High frequencies of alpha common cold coronavirus/SARS-CoV-2 cross-reactive functional CD4+ and CD8+ memory T cells are associated with protection from symptomatic and fatal SARS-CoV-2 infections in unvaccinated COVID-19 patients

Abstract

Background: Cross-reactive SARS-CoV-2-specific memory CD4⁺ and CD8⁺ T cells are present in up to 50% of unexposed, pre-pandemic, healthy individuals (UPPHIs). However, the characteristics of cross-reactive memory CD4⁺ and CD8⁺ T cells associated with subsequent protection of asymptomatic coronavirus disease 2019 (COVID-19) patients (i.e., unvaccinated individuals who never develop any COVID-19 symptoms despite being infected with SARS-CoV-2) remains to be fully elucidated.

Methods: This study compares the antigen specificity, frequency, phenotype, and function of cross-reactive memory CD4⁺ and CD8⁺ T cells between common cold coronaviruses (CCCs) and SARS-CoV-2. T-cell responses against genome-wide conserved epitopes were studied early in the disease course in a cohort of 147 unvaccinated COVID-19 patients who were divided into six groups based on the severity of their symptoms.

Results: Compared to severely ill COVID-19 patients and patients with fatal COVID-19 outcomes, the asymptomatic COVID-19 patients displayed significantly: (i) higher rates of co-infection with the 229E alpha species of CCCs (α-CCC-229E); (ii) higher frequencies of cross-reactive functional CD134⁺CD137⁺CD4⁺ and CD134⁺CD137⁺CD8⁺ T cells that cross-recognized conserved epitopes from α-CCCs and SARS-CoV-2 structural, non-structural, and accessory proteins; and (iii) lower frequencies of CCCs/SARS-CoV-2 cross-reactive exhausted PD-1⁺TIM3⁺TIGIT⁺CTLA4⁺CD4⁺ and PD-1⁺TIM3⁺TIGIT⁺CTLA4⁺CD8⁺ T cells, detected both ex vivo and in vitro.
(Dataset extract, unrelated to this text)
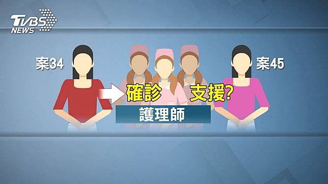 案45是案34確診前,同房不同室的住院病人,而確診的3名護理師,都沒有照顧過案45,但有沒有可能,曾幫忙支援照顧,時間過太久難追溯,指揮中心不能排除,而且進一步還有新發現,之前的案42也就是確診的陪病家屬,曾和案45在同個檢查室,但兩人出入的時間點不同,而且當時案45也無相關症狀。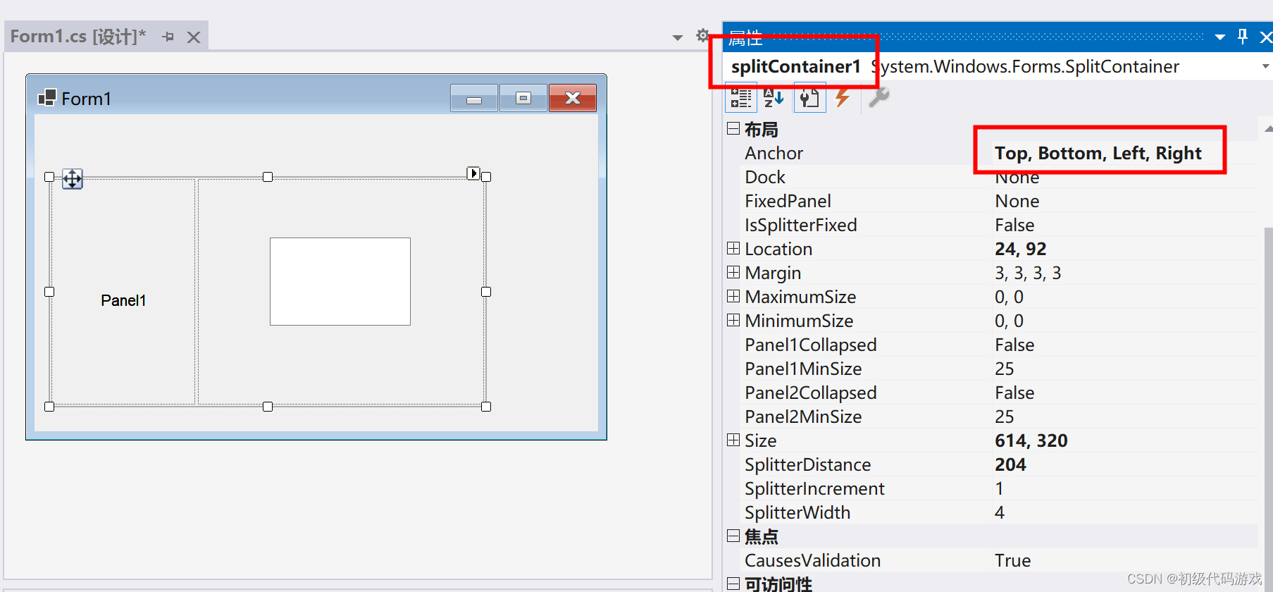 使用SplitContainer调整界面比例

Conclusions: These findings (i) support a crucial role of functional, poly-antigenic α-CCCs/SARS-CoV-2 cross-reactive memory CD4⁺ and CD8⁺ T cells, induced following previous CCCs seasonal exposures, in protection against subsequent severe COVID-19 disease and (ii) provide critical insights into developing broadly protective, multi-antigen, CD4⁺, and CD8⁺ T-cell-based, universal pan-Coronavirus vaccines capable of conferring cross-species protection.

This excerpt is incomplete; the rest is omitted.